I soon forgot that as I enjoyed the views on the ride, as the road wound through beautiful neighborhoods, with the occasional glimpse of the bay:

We made the turn at the top of the peninsula and passed the start line for the half marathon, which was the farthest up the peninsula I had been. It was fun but a little odd to see the area without the pre-half marathon hustle and bustle. I was in new and unchartered territory. We soon came to our first stop of the day, a really neat old general store that looked like something out of Petticoat Junction. After a short rest and a granola bar, we pressed on toward the lighthouse.

The road went inland through horse pastures, orchards, and hops farms. Thank goodness I had Leslie as a tour guide because I would have had no idea what was growing in those fields with the strange trellises. We also passed a really cool old schoolhouse. 

Now I just want to say that if you have never been past the start of the half marathon at Bayshore, you need to know that it gets a little hilly out there – not huge hills like out by the campground but enough to remind me that I had not done very much training for this 5 day endeavor. Finally we made the lighthouse at the top of the peninsula, which was also our halfway point at right around 20 miles.

As we headed back, our thoughts turned to lunch. Leslie had a favorite restaurant out there called the Jolly Pumpkin, which is famous for its artisan ales.  (Anyone who knows Leslie won’t be surprised by this little bit of information.) It was a pretty lumpy ride, but we finally made it. What a neat old place!

Over an extremely yummy lunch, Leslie told me a few ghost stories about the old building to keep me entertained. It was during this lunch stop that I made two important observations regarding cycling versus running.
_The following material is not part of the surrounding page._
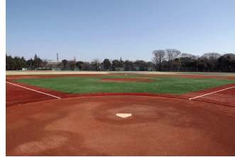
コブシ球場 (人工芝) ※少年野球・ソフトボール専用

The first and most important is that male cyclists, in their spandex shorts, are way more fun to look at than male runners in their baggy running shorts (sorry all my male running friends). An additional benefit of cycling is the brightly colored jerseys. If you get caught checking out the guys in the tight cycling shorts, you can always follow up with “What a neat jersey? I was just trying to read what it says there on the back?”

The second important observation is that both cycling and running require Body Glide, just in different places. Yes for the first time in my cycling career, I was developing a saddle sore. And when they named it “sore,” they weren’t kidding. On top of that, about two miles into the last leg of our ride, my quads started to lock up and burn. At this point, Leslie kept pedaling away from me a bit, but I think it was mostly so that she didn’t have to listen to me whine for the last few miles of the ride. Soon, though, we were back at the high school. We loaded up the bikes and headed back to the campground. Day 2 in the books: 39 miles.

So you would think we might have gone back to the campground to rest, but no. We were off to drive the Pierce Stocking Scenic Drive at Sleeping Bear Dunes which has really spectacular scenic views. If you aren’t familiar with the dunes at Lake Michigan, you really should check this out: 

Of course we had to pose for a photo:

As we were walking down the path from the dune, we had a really cool wildlife encounter. A porcupine came out of the bushes and crossed the trail in front of us. He was just a few feet away, so like a couple of dopes we started calling it like a dog.  It did the sensible thing and waddled off into the bushes. Of course, I was all for chasing him until Leslie (always the practical one) says, “I wish I could remember how far they can shoot their quills.” Okay, maybe chasing it into the bushes is not a good idea. Still, it was pretty cool to see it so close.

As we were heading back to the campground, Leslie explained to me that a key element of touring is eating enough to keep your energy up. I am all in for that! We ended our day with a stop back in Glen Arbor for one of the best peanut butter milk shakes I have ever had.  While we ate we planned the ride for Day 3, our longest yet. It was a great end to the day!